The interpretation function consume as many characters as possible. This reduces the interpretation overhead (the cost of entering and leaving the interpretation function). We want to spend most of the time in the hot loop!

Note that the loop is quite machine-friendly:

• The two loads can be issued in parallel
• State selection compiles to branch-less code

The only branching is the check for the exit condition. It is unavoidable but it happens once and is well predicted.

# Conclusion

I presented some techniques for storing the transition table of a lexer. The main result is a simple 40-year-old scheme. It is effective and a few adjustments make it perform even better on modern hardware.

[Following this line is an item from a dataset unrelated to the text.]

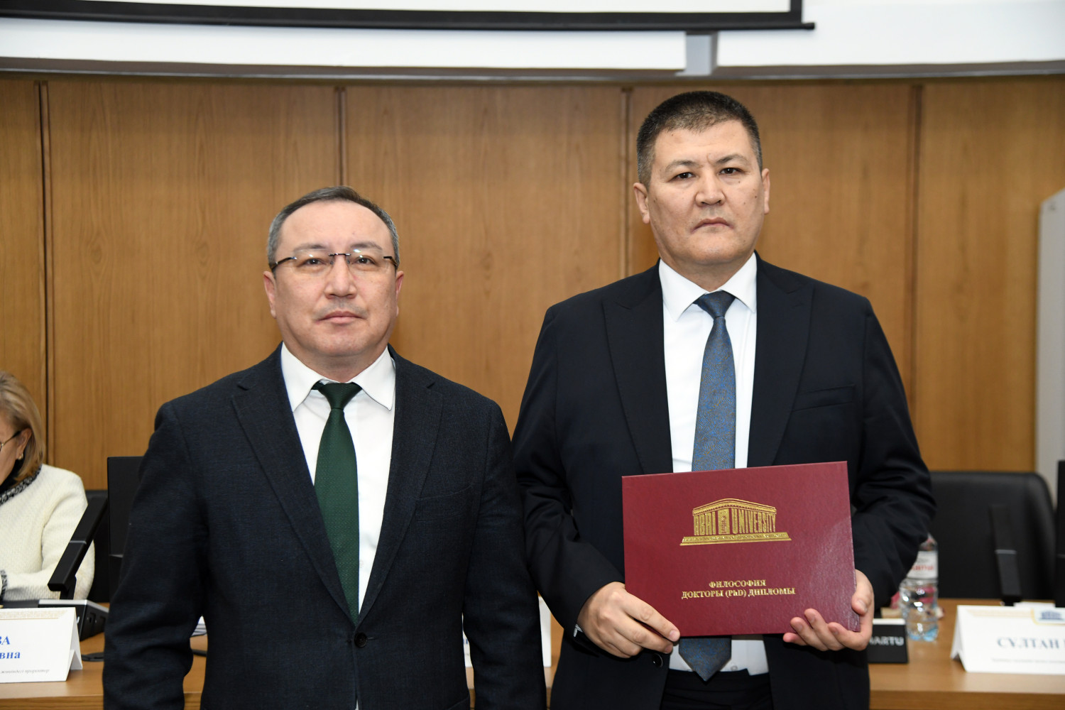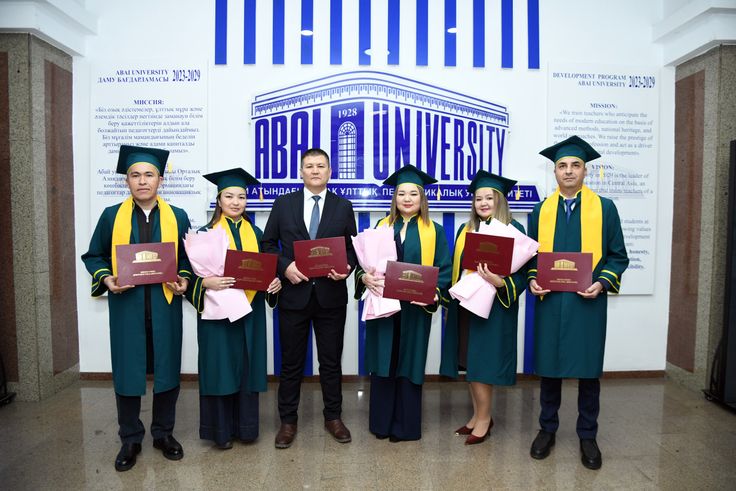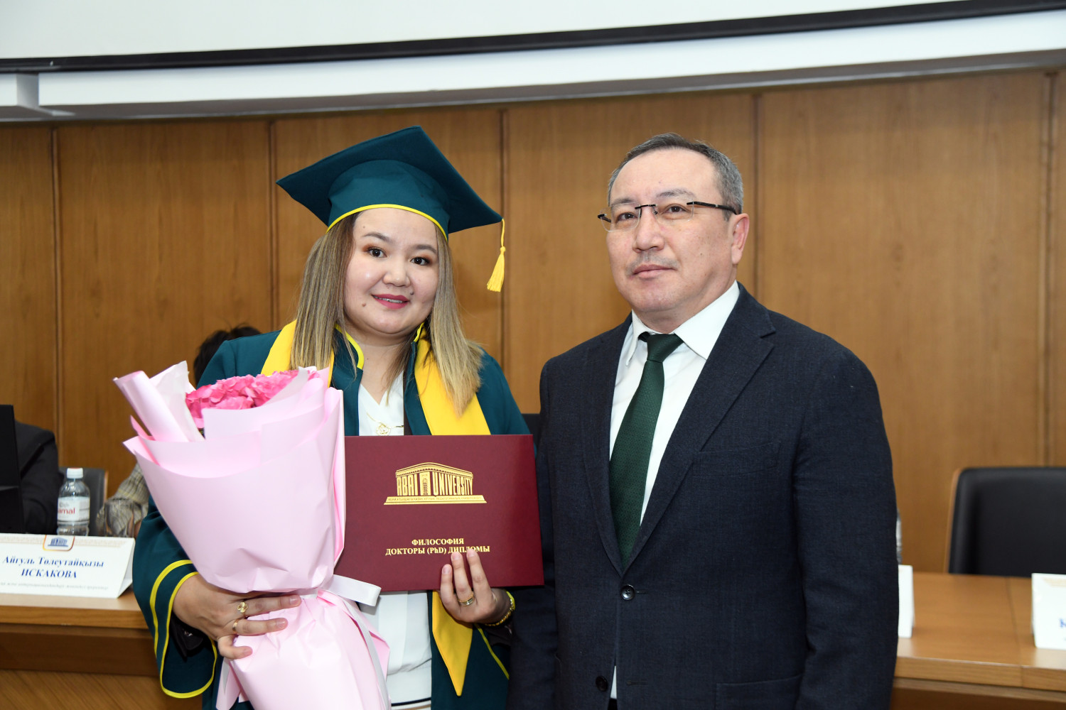At the meeting of the Academic Council, young scientists who received PhD degrees in a number of educational programs were solemnly awarded. In particular, Baykhozhayeva Gulzhaukhar Mazhitovna ("Biology"), Aryn Yerzhan Omaruly ("Linguistics"), Musakhan Ryskul Myrzakhankyzy ("Geography"), Khorgasbai Enlik Tokhpolatkyzy ("Geography"), Nabiyev Vakil Huseynovich ("Political Science") and Yusupov Kuanyshbek Yesenbekovich ("Sociology") were awarded a PhD, Bulat Anapiyevich officially congratulated them.

I apologize for not having benchmark figures to show... I did not want to spend the time implementing a production grade lexing engine. I was just interested in playing around the full pipeline rather than stopping after the frontend. If I ever need to design a complete lexer, I have a clear picture of what it should look like.

In the future, I plan to tackle some useful extensions like extraction and lookahead (along the lines of Tagged Deterministic Finite Automata with Lookahead).

## Going further

To handle UTF-8 and other character encodings, I came to the conclusion that the best approach was to generate the automaton for a fixed encoding (e.g. a normalized form of UTF-8). With a preprocessing step to convert the input. The automaton would still work on an 8-bit alphabet, possibly simulating a single codepoint with multiple transitions.

Out of curiosity, I tried to represent transitions using various forms of packed intervals on which to do binary search. Basically a sorted sequence: (first codepoint, last codepoint, target state). This is a cheap way to handle large alphabets. But I did not manage to make it competitive with the sparse representation, even with clever implementations of binary search like on the excellent PVK's blog. That ruled out the approach for me.